***** AVAILABLE RECORDS *****

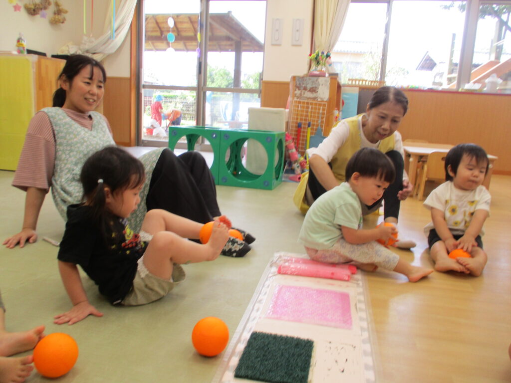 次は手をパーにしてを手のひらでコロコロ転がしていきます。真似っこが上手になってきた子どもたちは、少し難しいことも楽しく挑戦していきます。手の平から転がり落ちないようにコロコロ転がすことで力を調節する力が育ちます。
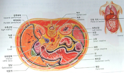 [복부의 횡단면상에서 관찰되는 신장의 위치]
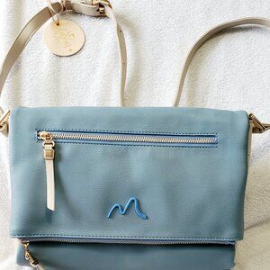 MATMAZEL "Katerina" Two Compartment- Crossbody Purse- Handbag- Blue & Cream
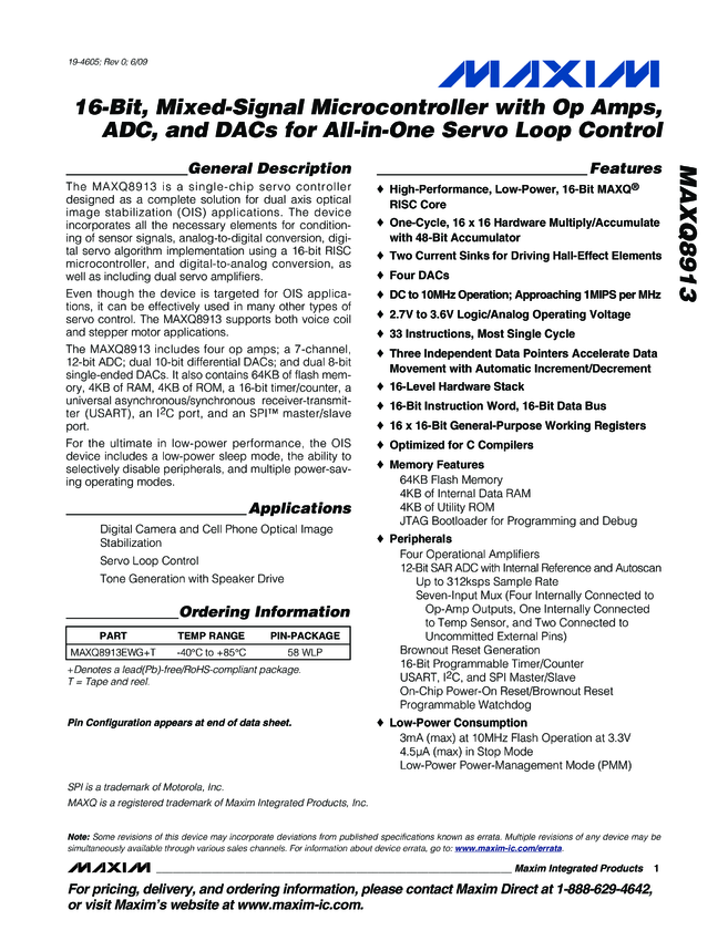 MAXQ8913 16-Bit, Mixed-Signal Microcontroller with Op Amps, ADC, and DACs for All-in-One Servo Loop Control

*****
***** AVAILABLE RECORDS *****

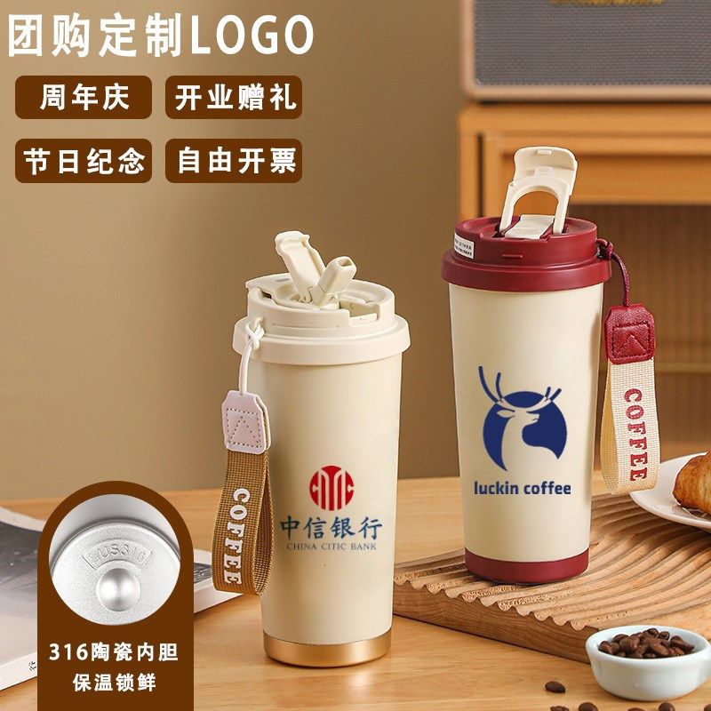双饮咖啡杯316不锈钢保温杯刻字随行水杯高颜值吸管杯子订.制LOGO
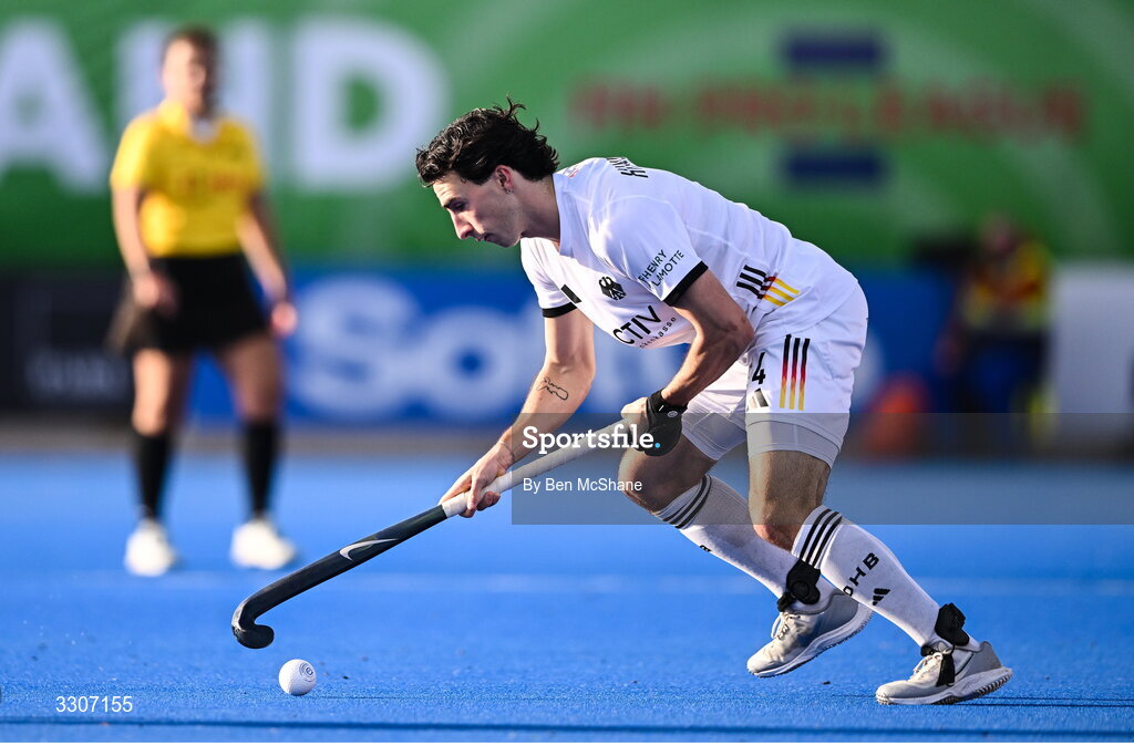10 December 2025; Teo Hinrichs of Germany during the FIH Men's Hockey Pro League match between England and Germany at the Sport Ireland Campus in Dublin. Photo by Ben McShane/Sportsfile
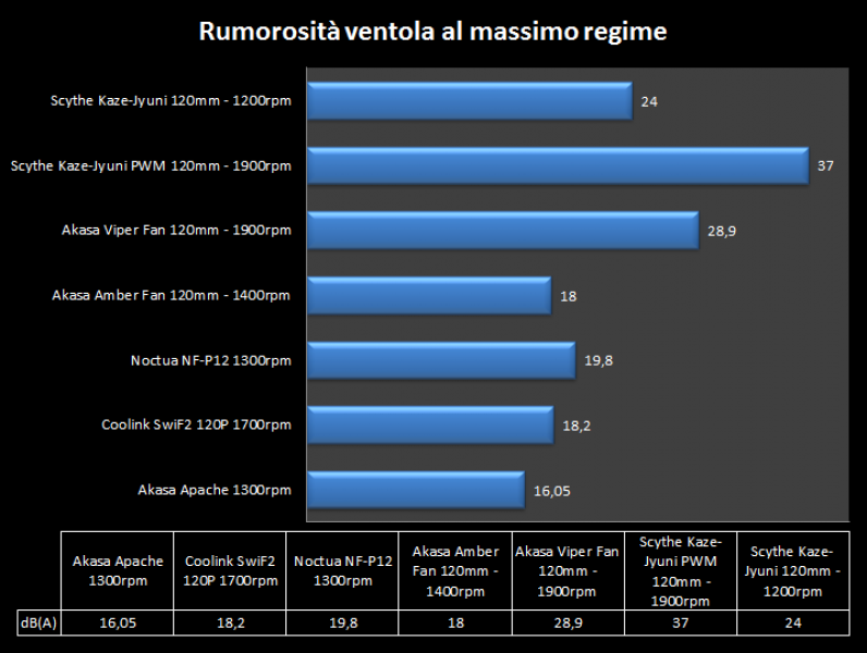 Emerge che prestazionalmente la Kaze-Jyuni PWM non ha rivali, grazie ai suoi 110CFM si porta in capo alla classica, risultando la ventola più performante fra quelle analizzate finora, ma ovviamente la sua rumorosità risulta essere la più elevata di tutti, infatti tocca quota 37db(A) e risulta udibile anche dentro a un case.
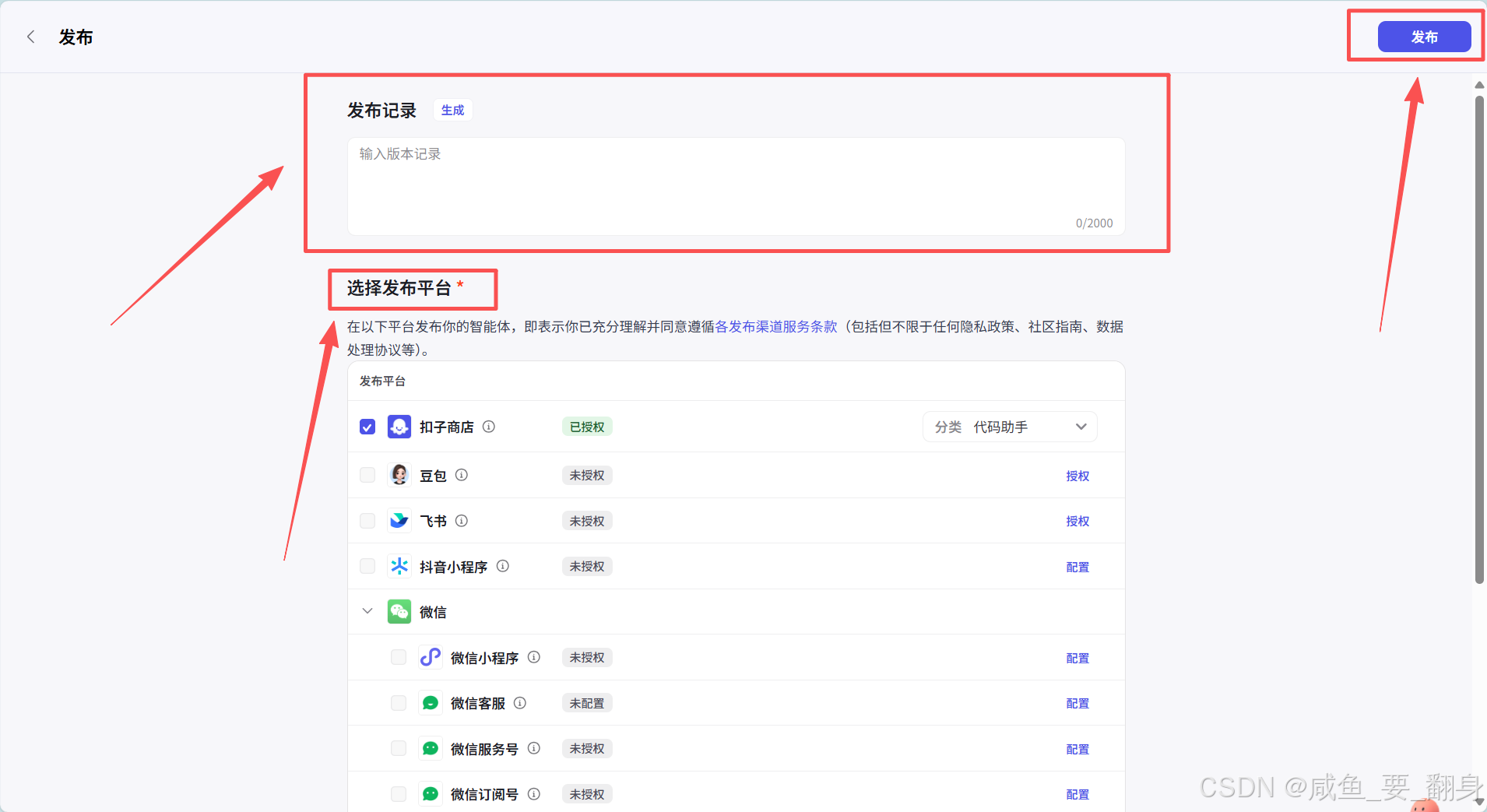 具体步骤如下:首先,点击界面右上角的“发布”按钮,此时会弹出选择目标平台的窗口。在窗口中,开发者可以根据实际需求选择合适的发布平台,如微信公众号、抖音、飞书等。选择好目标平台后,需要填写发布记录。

*****

PROBLEM STATEMENT => Write out word for word the lines of the listing above from the line with "Emerge che prestazionalmente" to the line with "具体步骤如下:首先,点击界面", taking in both of those lines but no pictures.

EXERCISE ANSWER =>
 Emerge che prestazionalmente la Kaze-Jyuni PWM non ha rivali, grazie ai suoi 110CFM si porta in capo alla classica, risultando la ventola più performante fra quelle analizzate finora, ma ovviamente la sua rumorosità risulta essere la più elevata di tutti, infatti tocca quota 37db(A) e risulta udibile anche dentro a un case.
 具体步骤如下:首先,点击界面右上角的“发布”按钮,此时会弹出选择目标平台的窗口。在窗口中,开发者可以根据实际需求选择合适的发布平台,如微信公众号、抖音、飞书等。选择好目标平台后,需要填写发布记录。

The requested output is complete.